How Stock Markets Affect Real Estate

Some variables in macroeconomics fluctuate in regular and often predictable patterns. These include the stock market, building permits, and housing starts. As an economy pulls out of a recession, for example, investors expecting home-building to increase will consequently begin to buy stocks related to construction. This will fuel the movement of the market upwards for the housing sector. Below, we discuss three ways how Wall Street’s swings in the volatile markets affect the cost of homes and other properties across the United States today.

  1. Credit

Investments in real estate depend heavily on loans from financial institutions. The transactions involved are of high volume, and as such most individuals cannot pay cash. Through credit, such individuals can get the chance to participate in the real estate industry. By taking on debt, they can make larger purchases in the hope that these will give them a significant return.

Since the housing sector depends so heavily on loans, its performance thereby correlates with prevailing interest rates. These rates are partly dependent on the fulfillment of the stock market. If there’s uncertainty in the stock exchange, banks try to cover up for the increased risk by raising their interest rates. The raising of these rates then makes borrowing higher sums more difficult for real estate developers. As such, they also increase the costs of their houses in a bid to maintain the same return they wanted.

However, banks are also obliged to reduce their interest rates in the wake of a well-performing economy and consequently, a stable stock market. As a result of lower interest rates, more people can access loans at lower prices which prompt more house purchases. As a result, the real estate market gets more customers which results in its growth.

  1. Consumer Behavior

The stock exchange directly influences how consumers function in the economy. In the wake of a growing stock market, consumer confidence rises. As a result, there is more money available, and investors seek to expand their portfolios. One of the ways they do this is by buying into the real estate market. When markets are weak, however, consumers tend to hold onto their capital. As such, the housing market suffers due to fewer customers.

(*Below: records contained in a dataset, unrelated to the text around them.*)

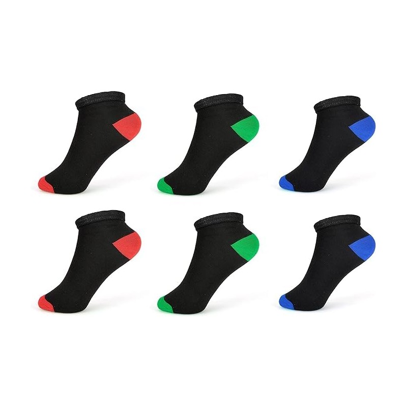 - ✅ | 6 PAIRS BOYS BLACK 9-12 (4-7 YEARS) - COLOURED HEELS+TOES - LONG LASTING TRAINER ANKLE SOCKS - SCHOOL, PE, EVERYDAY WEAR | For Boys - Black - Polyester for a Fresh, Smooth & Natural Silky Soft Touch Fit - Lightweight Socks to Wear with All Types of Shoes - Perfect for School, PE, Outdoor Play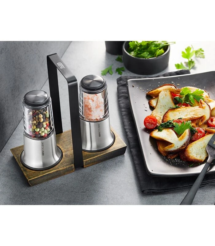 Zo mooi kan het kruiden zijn: de exclusieve set is een echt highlight voor een stijlvolle thuis van de dag van vandaag. Beide molens zijn uitgerust met de uiterst efficiënte CYCLONE® precisie–maalinrichting die steeds voor de perfecte maalgraad zorgt – van extra fijn tot extra ruw. Met een X–PLOSION® laten peper en zout hun volle, natuurlijke smaak tot ontwikkeling komen. Gecompleteerd wordt de set door een houten menage met praktische draaggreep. Het ideale geschenk zelf voor verwende kookkunstenaars.
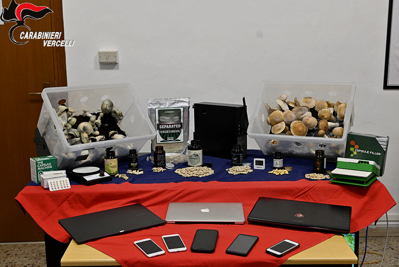 Parallelamente, i militari hanno eseguito perquisizioni all’interno del luogo degli incontri e nell’abitazione romana utilizzata dall’arrestato. È qui che è emerso il dato più sorprendente: un vero laboratorio clandestino, completo di funghi allucinogeni, compresse già confezionate e attrezzature per coltivazione, essiccazione e lavorazione. Un sequestro definito “assolutamente raro” nel panorama nazionale e mai registrato prima in provincia.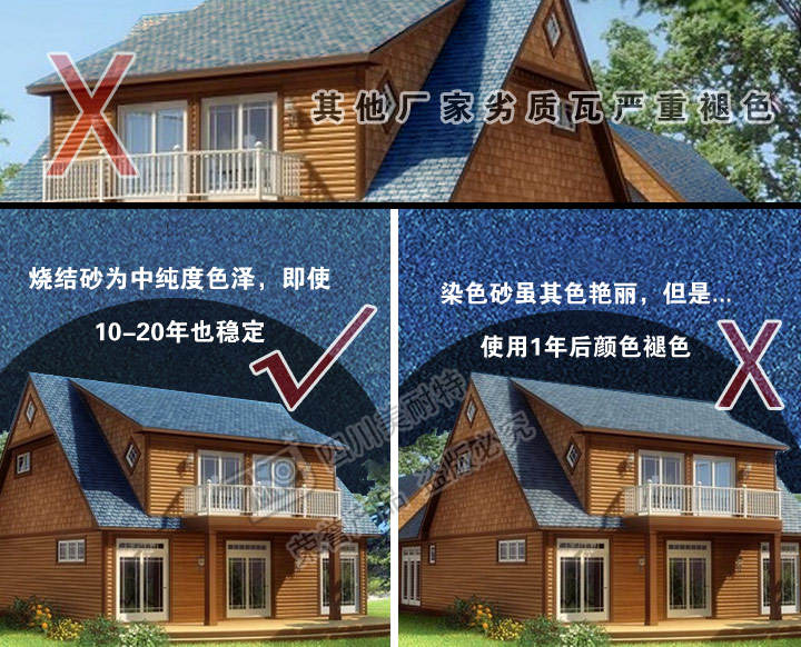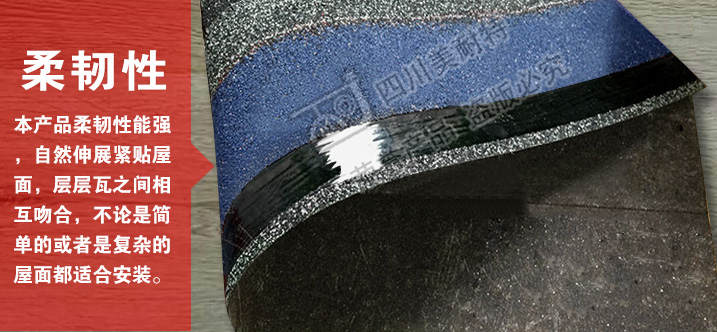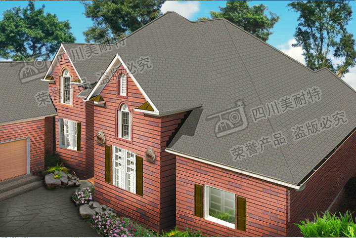 本款产品颜色丰富,一般适用于广泛应用于高档别墅、高档小区等工程,产品可自由裁剪,能成功覆盖于不同形状和不 同基层的屋顶。适用屋面坡度从15°到90°不同建筑。

  1. Presence of Competitors

The stock exchange is the overall representation of the opinion investors hold regarding the future of the companies within the market. Declining equity markets causes a decrease in demand for the stock of various companies. As such, the cost of these shares lowers and returns on the investment also suffer. As a result, fewer people are willing to buy properties. This causes property prices to be lower, and therefore, the buyer is placed at an advantage. Conversely, a more favorable market leads to increased competition which would result in higher costs for properties. This would eventually lead to an advantage for the real estate agency.

Additionally, the housing market is also affected by government policies and the state of the economy, which also affect prices in the stock exchange. Negative policies cause declines in the stock market which could result in lesser home purchases and vice versa.